# EnzymeFlow Hierarchical Pre-training

![pretrain](../image/pretrain.jpg)

## Pre-training on PDBBind2020

1. Download PDBBind2020 data from [link](https://www.pdbbind-plus.org.cn/download), then put pocket data under ```./data/pdb``` folder.

2. Run process_data.py to process rawdata to metadata.

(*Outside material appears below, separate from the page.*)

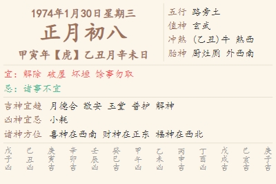 1974年1月30日黄历 时辰吉凶格局

   (a) read [pocket rawdata](https://github.com/WillHua127/EnzymeFlow/tree/main/Pretrain/data/pdb) (pocket pdb and ligand mol2 files) from ```./data/pdb``` folder.
   
   (b) [pocket metadata](https://github.com/WillHua127/EnzymeFlow/tree/main/Pretrain/data/processed) will be saved into ```./data/processed``` folder.
   
   (c) [metadata.csv](https://github.com/WillHua127/EnzymeFlow/blob/main/Pretrain/data/metadata.csv) will be saved into ```./data``` along with a label file [kdvalue.csv](https://github.com/WillHua127/EnzymeFlow/blob/main/Pretrain/data/kdvalue.csv).
   
   (d) a toy [example](https://github.com/WillHua127/EnzymeFlow/tree/main/Pretrain/data/pdb/6nvl) is provided.

   Warning: we have absolute path in ```metadata.csv```, so you might need to change it to your path.

4. ```configs.py``` contain all pre-training configurations and hyperparameters.

5. Train model using ```train_ddp.py``` for parallal training with multi-gpus (we trained with 4 A40 GPUs).
```bash
CUDA_VISIBLE_DEVICES=0,1,2,3 python -m torch.distributed.launch --nproc_per_node=4 train_ddp.py
```

## After Pre-training

1. Training loggings will be saved into ```./logger``` folder.

2. Pre-trained models will be saved into ```./checkpoint``` folder.

3. Generated samples will be saved into ```./generated``` folder.

4. Fine-tune pre-trained model on enzyme catalytic pockets.